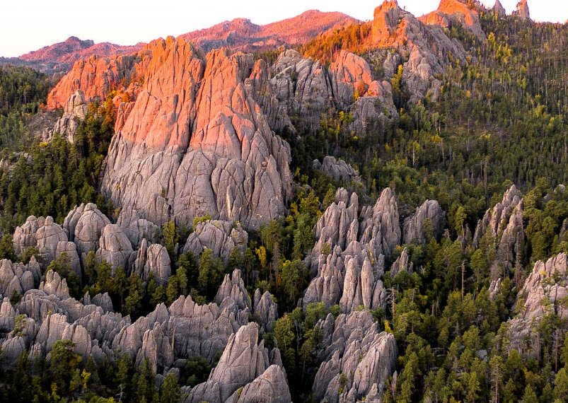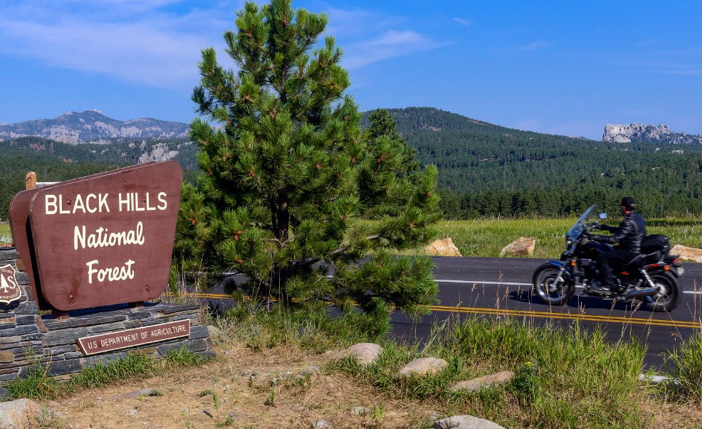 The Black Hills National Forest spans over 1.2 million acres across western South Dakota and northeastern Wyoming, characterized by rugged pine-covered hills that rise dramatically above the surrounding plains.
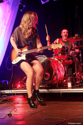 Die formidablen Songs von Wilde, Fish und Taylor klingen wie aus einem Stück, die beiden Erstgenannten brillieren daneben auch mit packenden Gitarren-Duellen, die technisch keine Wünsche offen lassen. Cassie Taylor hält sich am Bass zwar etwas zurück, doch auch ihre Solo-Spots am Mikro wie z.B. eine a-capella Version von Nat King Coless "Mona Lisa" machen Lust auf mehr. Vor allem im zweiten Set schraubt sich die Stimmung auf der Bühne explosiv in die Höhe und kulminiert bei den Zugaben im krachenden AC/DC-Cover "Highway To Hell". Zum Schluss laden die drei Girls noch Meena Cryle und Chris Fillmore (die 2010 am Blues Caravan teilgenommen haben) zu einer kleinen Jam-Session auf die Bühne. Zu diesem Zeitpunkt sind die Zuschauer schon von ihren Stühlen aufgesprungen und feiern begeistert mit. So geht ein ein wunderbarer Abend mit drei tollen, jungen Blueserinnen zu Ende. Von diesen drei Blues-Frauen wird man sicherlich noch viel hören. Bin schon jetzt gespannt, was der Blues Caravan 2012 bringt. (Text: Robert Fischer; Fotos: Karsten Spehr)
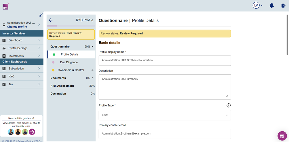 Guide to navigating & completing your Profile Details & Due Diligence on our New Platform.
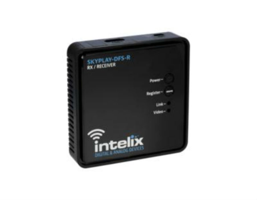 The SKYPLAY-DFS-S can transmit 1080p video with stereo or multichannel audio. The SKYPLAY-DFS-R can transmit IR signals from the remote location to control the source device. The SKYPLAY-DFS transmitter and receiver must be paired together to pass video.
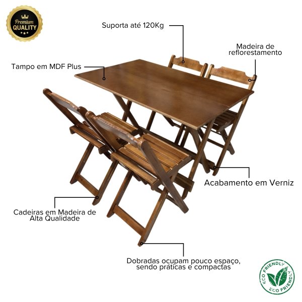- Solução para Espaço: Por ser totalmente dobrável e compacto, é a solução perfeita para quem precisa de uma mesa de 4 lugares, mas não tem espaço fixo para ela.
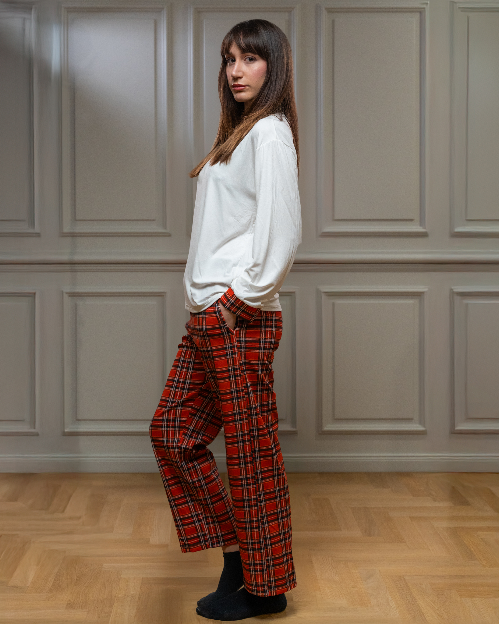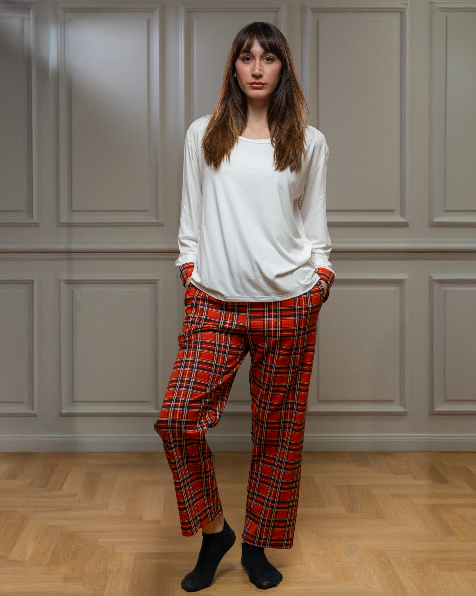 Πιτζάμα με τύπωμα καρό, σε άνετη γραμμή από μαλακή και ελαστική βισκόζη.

### What you need to do
Give back every record above exactly as written, skipping each picture.

### Response to the exercise
 The Black Hills National Forest spans over 1.2 million acres across western South Dakota and northeastern Wyoming, characterized by rugged pine-covered hills that rise dramatically above the surrounding plains.
 Die formidablen Songs von Wilde, Fish und Taylor klingen wie aus einem Stück, die beiden Erstgenannten brillieren daneben auch mit packenden Gitarren-Duellen, die technisch keine Wünsche offen lassen. Cassie Taylor hält sich am Bass zwar etwas zurück, doch auch ihre Solo-Spots am Mikro wie z.B. eine a-capella Version von Nat King Coless "Mona Lisa" machen Lust auf mehr. Vor allem im zweiten Set schraubt sich die Stimmung auf der Bühne explosiv in die Höhe und kulminiert bei den Zugaben im krachenden AC/DC-Cover "Highway To Hell". Zum Schluss laden die drei Girls noch Meena Cryle und Chris Fillmore (die 2010 am Blues Caravan teilgenommen haben) zu einer kleinen Jam-Session auf die Bühne. Zu diesem Zeitpunkt sind die Zuschauer schon von ihren Stühlen aufgesprungen und feiern begeistert mit. So geht ein ein wunderbarer Abend mit drei tollen, jungen Blueserinnen zu Ende. Von diesen drei Blues-Frauen wird man sicherlich noch viel hören. Bin schon jetzt gespannt, was der Blues Caravan 2012 bringt. (Text: Robert Fischer; Fotos: Karsten Spehr)
 Guide to navigating & completing your Profile Details & Due Diligence on our New Platform.
 The SKYPLAY-DFS-S can transmit 1080p video with stereo or multichannel audio. The SKYPLAY-DFS-R can transmit IR signals from the remote location to control the source device. The SKYPLAY-DFS transmitter and receiver must be paired together to pass video.
- Solução para Espaço: Por ser totalmente dobrável e compacto, é a solução perfeita para quem precisa de uma mesa de 4 lugares, mas não tem espaço fixo para ela.
 Πιτζάμα με τύπωμα καρό, σε άνετη γραμμή από μαλακή και ελαστική βισκόζη.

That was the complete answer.